How Will the Human Race Evolve Over the Next 10,000 Years?

Are humans still evolving, and what will our ancestors probably look like.
human evolution

Can you imagine what your great-great … grandchildren will look like in 10,000 years?  Assuming humanity survives a climate apocalypse, asteroid impact, or an all-out nuclear war.  Nicholas Longrich, a senior lecturer in evolutionary biology and paleontology at the University of Bath, tries to give us some insight into this question.

Our descendants may look puny and have small heads

If the current analysis by Longrich is anything to go by, we can imagine our great-grandchildren to have smaller jaws because we aren’t chewing as many solid foods as our ancestors.  Our great-grandchildren may not be that physically muscular.  As people have evolved, they are increasingly less like the strong muscular humans our ancestors once were.

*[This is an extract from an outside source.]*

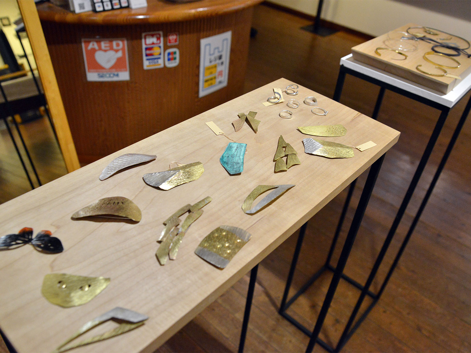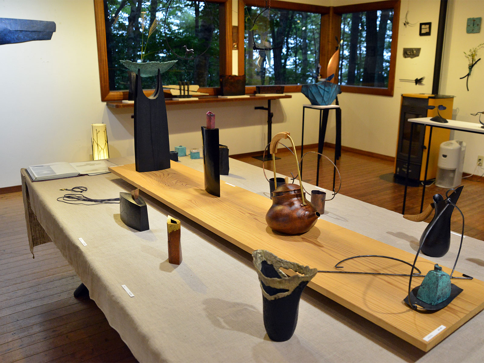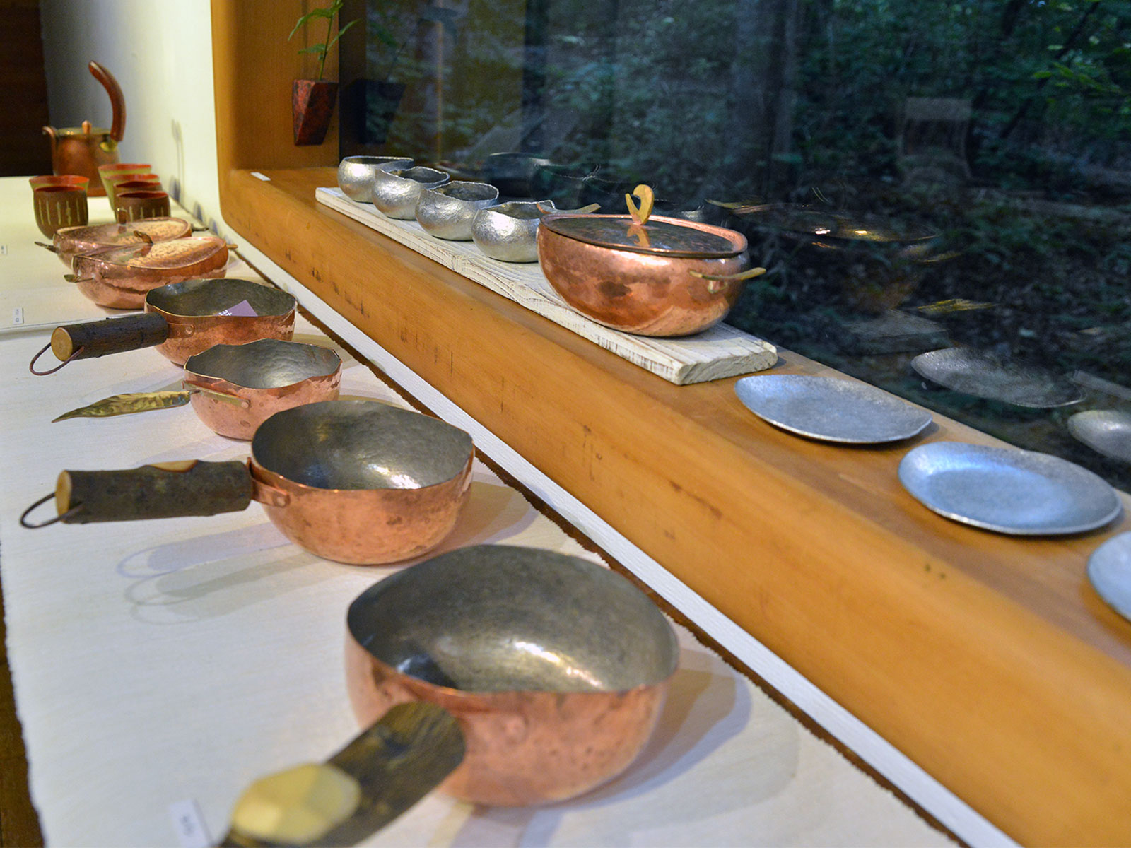 様々な金属(銅、鉄、ステンレス、チタン、金、銀、錫…)に、時には木材、漆も併せて作り上げられる作品たち。

Longrich considers our civilization on its current course of using machinery rather than muscles; peoples’ muscles will continue to shrink. Our jaws are used less for chewing with more processed food. This will also impact how the facial looks of our great-great … grandchildren will evolve.

We have evolved to have smaller brains than our ancestors, unlike our ancestors we no longer need to think how ‘to outwit lions and antelopes, or memorize every fruit tree and watering hole within 1,000 square miles’.  We don’t even have to remember the time, we can look at a watch, Google makes finding anything in any location easy for us.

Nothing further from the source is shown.